"A very fine woman. An exceptionally fine woman," he answered. Mrs. Basine nodded.
Basine sat down beside his sister Doris. He was interested in Henrietta. The news of her approaching engagement had exhilarated this interest. He had been a half-hearted wooer himself when he first came out of college. As she rattled on he was thinking, "She has nice eyes. She probably doesn't love Aubrey." He thought of Aubrey. A putty-faced, swell-headed fool. He could put it all over him, even as a writer, if he wanted to.
"I hear," he said aloud, "that you and Aubrey are engaged or almost engaged."
"Why the idea! Gracious!" A disturbed giggle. "Where on earth did you hear that! Father hasn't announced it yet."
"A little bird," smiled Basine. Doris looked at him and frowned.
"What do you say we pop some corn," he announced.
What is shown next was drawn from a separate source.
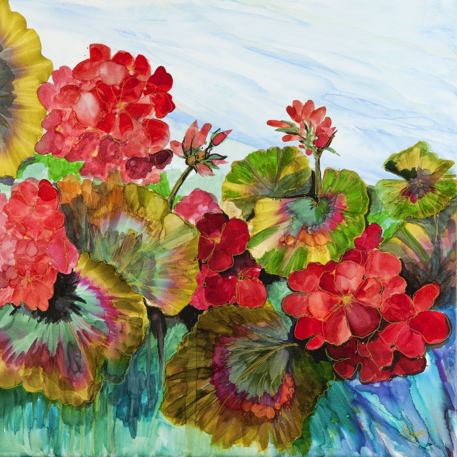 This is the second in the Geraniums set and my favorite.. Our cedar cabin had a huge deck that saw many events and many family milestones. We created 40 years of memories, which always included my mom's beautiful geraniums in the background. Alcohol ink on canvas.

One of Basine's most engaging facilities was an ability to reflect in his own words and actions the character of those to whom he talked. Judge Smith regarded him as a young man of stable ideas and profound seriousness. Henrietta looked upon him as a charming, light-hearted youth who was able "to play." There were others to whom he appealed separately as a young man of culture, modern to his finger tips; as a man of pious kindliness; as a man interested exclusively in politics, in economics, in literature, in women. His pose was seemingly at the mercy of his audience. He did not deliberately seek to make himself agreeable by presenting exteriors acceptable to his friends. His proteanism was in the main unconscious. It was the result of an underlying desire to impress men and women he knew with his superiority.
He had found instinctively that a short cut to such impression was not contradictions but agreement. But he would not merely say "yes" and please his listener by subscribing whole-heartedly to the ideas or points of view under discussion. He would take these ideas and points of view and develop them, show with a sincere creative enthusiasm why they were correct and how astoundingly correct they were.
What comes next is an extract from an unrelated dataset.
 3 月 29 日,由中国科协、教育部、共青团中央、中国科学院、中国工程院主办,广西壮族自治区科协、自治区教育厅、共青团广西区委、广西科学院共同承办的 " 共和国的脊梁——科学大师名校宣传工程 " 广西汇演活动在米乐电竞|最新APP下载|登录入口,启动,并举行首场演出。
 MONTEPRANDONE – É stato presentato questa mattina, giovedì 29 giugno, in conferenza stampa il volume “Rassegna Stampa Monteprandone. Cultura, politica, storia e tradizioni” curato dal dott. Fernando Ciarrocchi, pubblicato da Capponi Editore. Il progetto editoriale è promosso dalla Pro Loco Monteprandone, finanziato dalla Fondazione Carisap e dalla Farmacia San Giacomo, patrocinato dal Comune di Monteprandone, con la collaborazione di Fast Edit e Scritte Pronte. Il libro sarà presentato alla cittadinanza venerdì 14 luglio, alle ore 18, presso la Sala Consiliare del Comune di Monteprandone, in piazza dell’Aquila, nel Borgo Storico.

He was usually cleverer than the people with whom he agreed. This made it possible for him to develop their ideas, to add to them, supply them with nuances and far-reaching overtones of which their originators had had no inkling. When he had finished they would find themselves warmly applauding what he had said, admiring his sanity and intelligence.
It was no longer Basine who agreed with them. They agreed with Basine and each of them went away saying, "A remarkable young man. Full of very fine, worthwhile ideas and able to express himself."